System management tools can vary dramatically in inventory speeds and update times, so always refer to the documentation that accompanied your management software for detailed instructions on hardware inventory procedures and precautions. It may take several minutes to complete an inventory and update the tool's database before metrics will start appearing.
In other cases, there may be a more serious compatibility issue between the systems management software, the current hypervisor and the data center hardware. Every hardware platform is designed differently and offers a different suite of features, so it is unlikely that a single software tool will acquire and report the same metrics the same way from every system. Start by checking with the management software vendor and verifying the hardware compatibility against your current software tool.
In other situations, the compatibility problem may lie in the hypervisor rather than the server hardware. For example, an older systems management tool that is not "virtualization aware" may not acquire hardware metrics from virtualized servers. In other cases, the problem may be compatibility with specific hypervisors or hypervisor versions. For example, the tool may work with VMware ESXi but not Citrix XenServer.
Regardless of whether the problem is in hardware or hypervisor compatibility, the fix is the same -- look for a patch or upgrade from the systems management vendor that can address the problem.

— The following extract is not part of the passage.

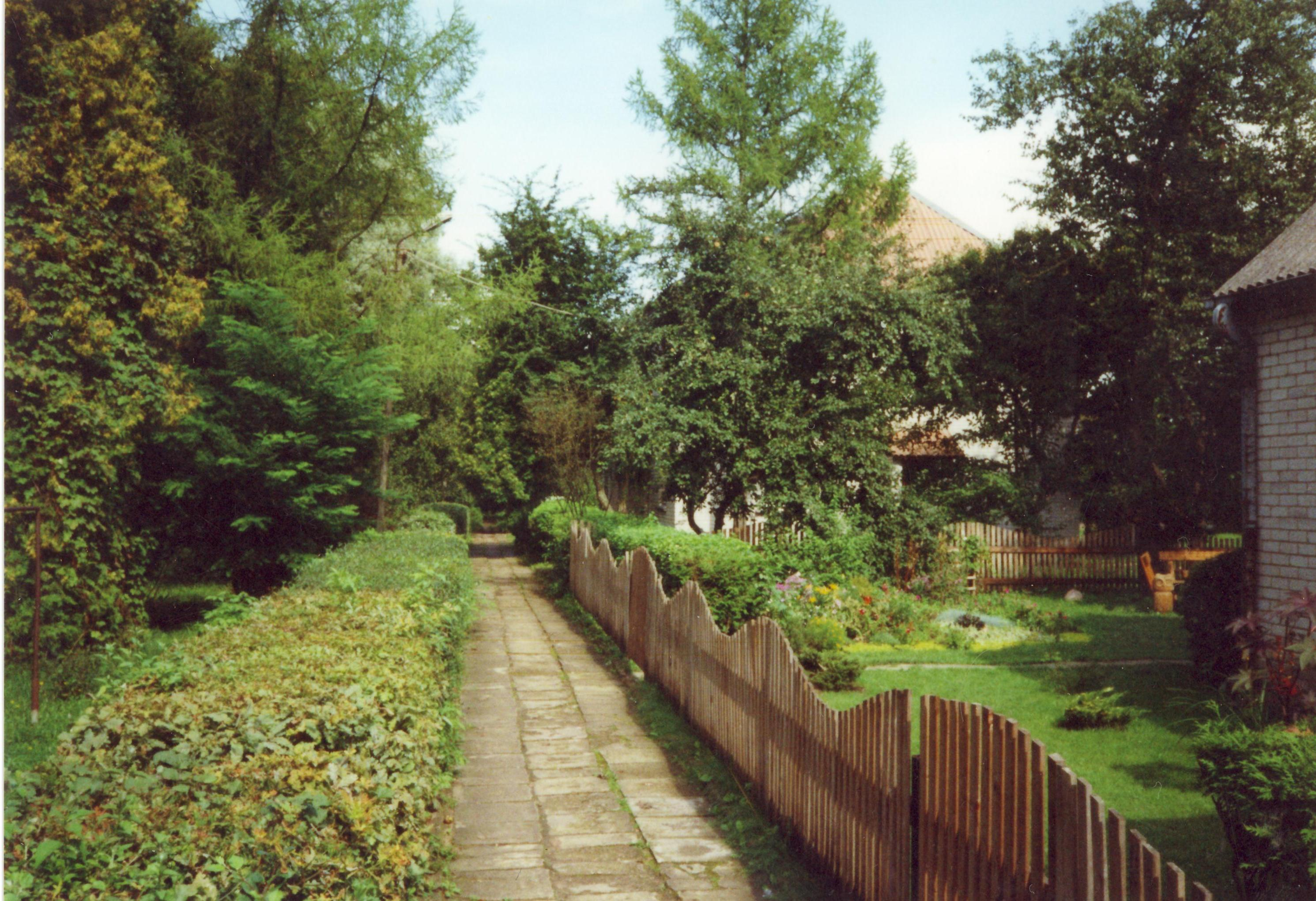 Miškų ūkis, Jonava

Hardware compatibility problems
If a systems management tool fails to provide metrics from a particular server model, chances are that the software tool is not fully compatible with your heterogeneous data center. This normally appears when the management tool is first deployed or in the wake of a hardware change within the environment.
The problem is that a single tool may not be able to provide the same level of granularity for every metric on every model of server -- this makes heterogeneous data centers some of the most challenging environments to manage. This problem typically does not appear in homogeneous data centers because the systems management tool only needs to address one (or only a few) hardware platforms.

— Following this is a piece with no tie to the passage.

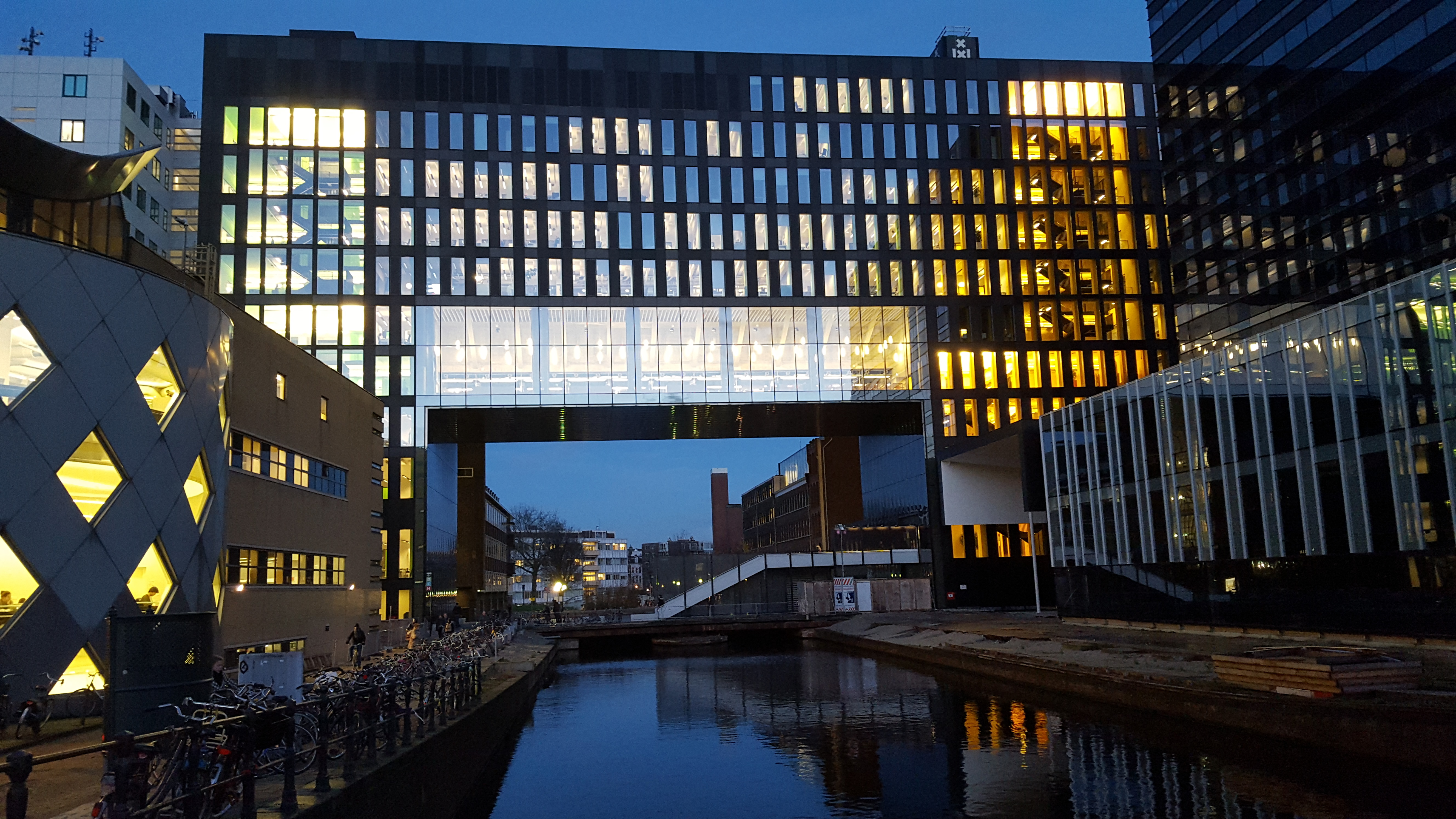 University of Amsterdam at Roeterseiland, Amsterdam, the Netherlands

If the problem only surfaces after general deployment of the software tool, the enterprise is unlikely to recover its investment in the management software or spend the additional capital to replace problematic servers, so the only practical workaround at that point is to seek alternative deployment models. For example, it might be possible to deploy agents on problematic systems rather than rely on a bare-metal installation and automatic hardware identification. Always check with the software vendor to discuss the problem, formulate workarounds and perhaps ask the vendor for a future patch to fix the issue.
You can avoid this problem by testing the systems management tool in advance using a lab deployment that represents a cross-section of systems in production.
Network connectivity failures
If hardware or hypervisor compatibility is not the issue, chances are that metric reporting is being disrupted by network connectivity issues or misconfiguration. This often occurs when the tool is initially deployed, after a major server refresh or in the aftermath of a crash recovery to fail over systems.
For example, network settings that govern systems management communication are often configured through the agent -- if the agent is misconfigured (e.g., reporting to a systems management server at an incorrect IP address), that server will not provide metrics for collection and reporting. Use caution when retrieving metrics from remote systems. You may need to explicitly enable the system management software for remote collection. In either case, review the documentation for the system management software and configure each system according to the manufacturer's recommendations.
Finally, be sure to review any secure connectivity at the systems management server. For example, the management server may use a Secure Shell to encrypt management communication, but this first requires the SSH service to start up on the management server. If the SSH service fails to start, the tool may fail to collect any metrics from the environment (or from the remote data center).
Comprehensive management of virtualized servers involves collecting, processing and reporting key performance metrics that provide insight into each system's health and utilization. But implementing a management tool to provide the same suite of metrics on every system can become a serious challenge. By understanding the common causes of data collection issues, IT professionals are better equipped to troubleshoot and correct the problem.